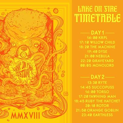 Filed under: Live Reviews, Dÿse, Graveyard, KRPL, Lake On Fire 2018, Monolord, Nebula, The Machine, Willow Child
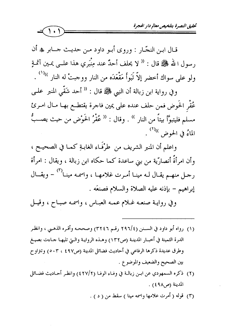 101…قال ابن النجار: وروى أبو داود من حديث جابر أن رسول الله صلى الله عليه وسلم قال: (لا يحلف أحد عند منبري هذا على يمين آثمة ولو على سواك أخضر الا تبوأ مقعده من النار ووجبت له النار) (1).
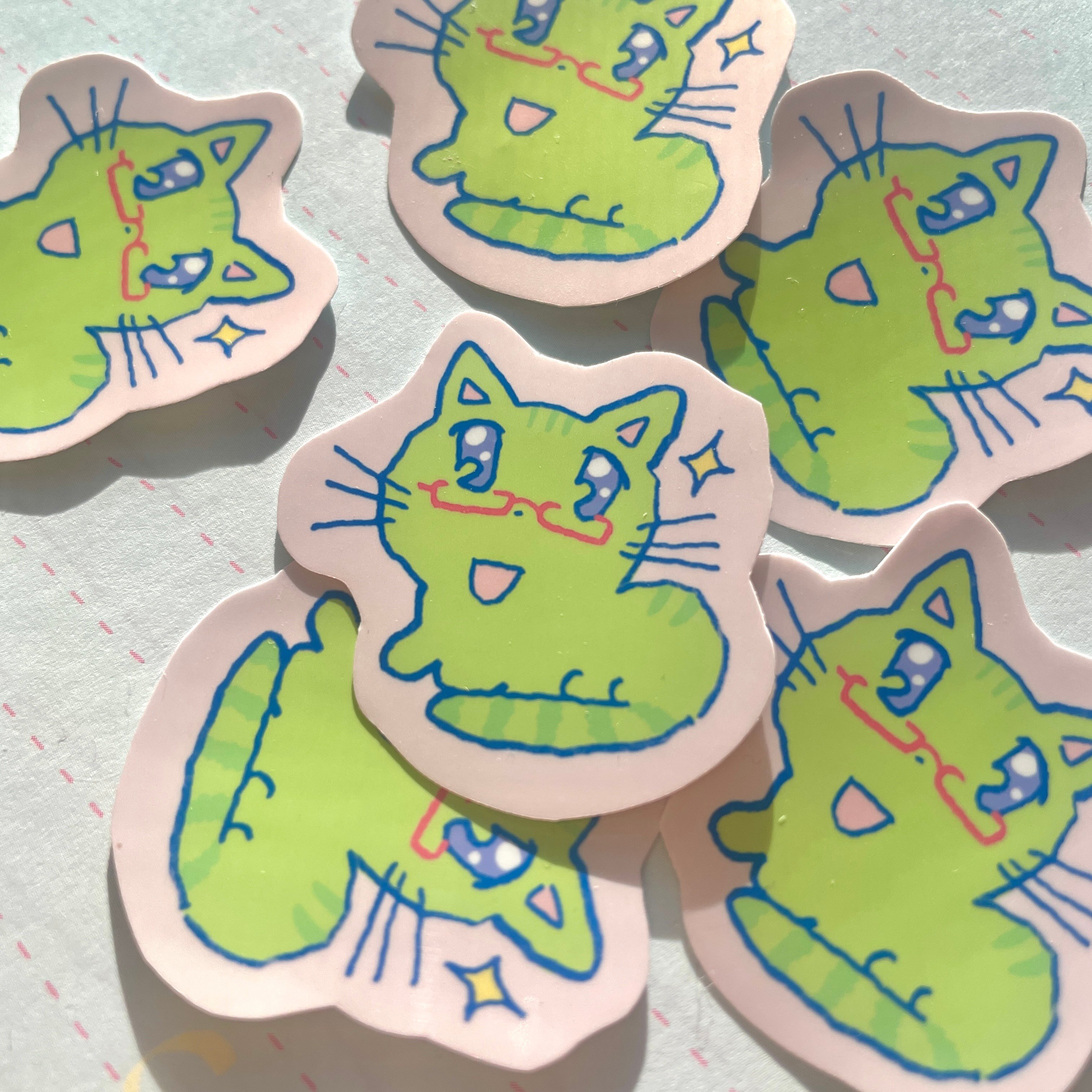 1.5 inch sticker of a little booger cat who wears reading glasses
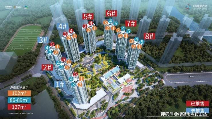 13.住宅在售:住宅主力在售5/6栋,面积86/103㎡三房及126㎡四房;

### [INSTRUCTIONS TO FOLLOW]
Where the line containing "101…قال ابن النجار: وروى" appears in the data above, begin there and output every line through the last, exactly and without pictures.

### [REPLY TO THE EXERCISE]
 101…قال ابن النجار: وروى أبو داود من حديث جابر أن رسول الله صلى الله عليه وسلم قال: (لا يحلف أحد عند منبري هذا على يمين آثمة ولو على سواك أخضر الا تبوأ مقعده من النار ووجبت له النار) (1).
 1.5 inch sticker of a little booger cat who wears reading glasses
 13.住宅在售:住宅主力在售5/6栋,面积86/103㎡三房及126㎡四房;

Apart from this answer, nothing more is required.